The survey reveals that one in six (16%) hospitality jobs currently lies vacant and is triggering offers of higher wages and other incentives among rival firms.

Almost all (96%) of respondents now envisage shortages in either front or back-of-house roles, and nearly three quarters (73%) in both. Adding to the problem is that 6% of staff are currently in isolation and unable to work.

Three quarters of companies say they have offered better pay (76%) and stepped up their levels of communication (75%) as part of their retention strategies, while two thirds have tried to cultivate the right working culture (67%) and support staff wellbeing and mental health (66%).

Scottish restaurant and bar operator, Buzzworks Holdings, will close all 13 of its venues today to introduce a new Wellbeing Day for its workforce. 

The use of pay as a retention tool is rapidly inflating wage bills across the hospitality sector, which already faces mounting food, drink, supply and utility costs. Leaders who have increased pay have done so by an average of 11% for current staff, and by 13% for newly hired team members.

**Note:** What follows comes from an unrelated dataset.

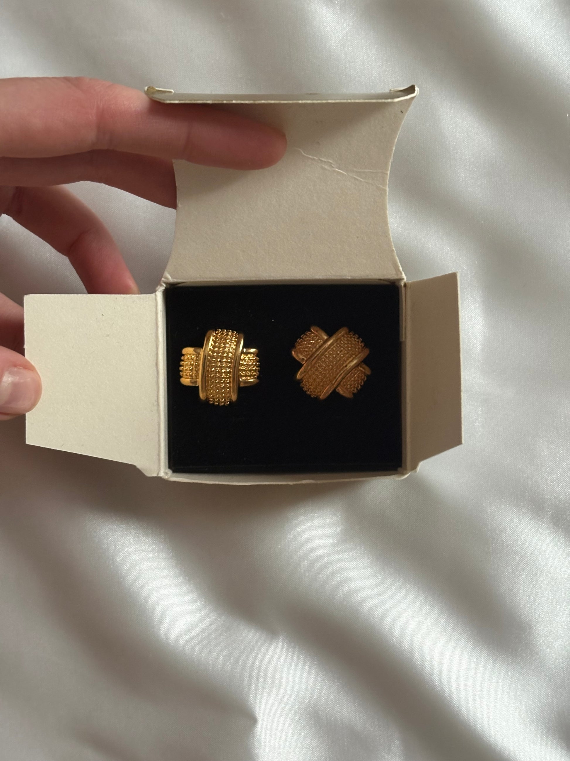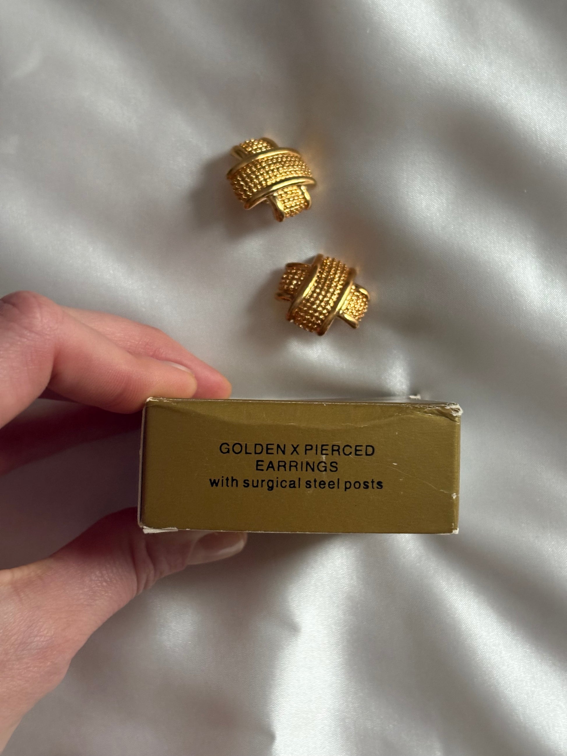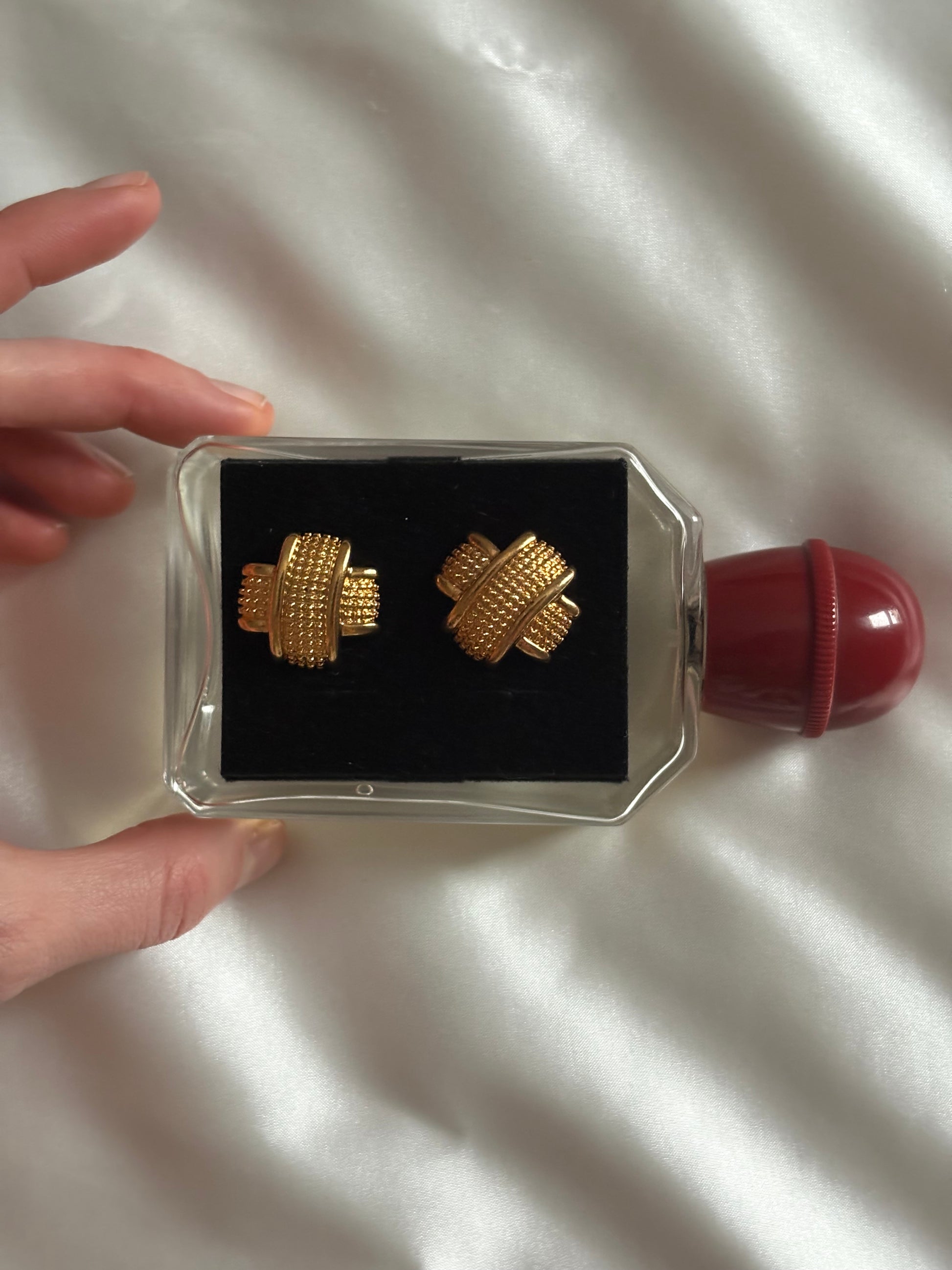 Pozłacane kolczyki Avon o geometrycznym splocie

“These figures illustrate the full scale of hospitality’s recruitment and retention crisis,” said Karl Chessell, CGA’s director – hospitality operators and food, EMEA.

“Thousands of businesses are now critically short of staff, while many of those who have sufficient labour face a fight to keep hold of it.

“Gaps at front and back of house and fast-rising wage costs threaten to derail the industry’s recovery, and sustained, targeted government support is now urgently needed to tackle the problem.”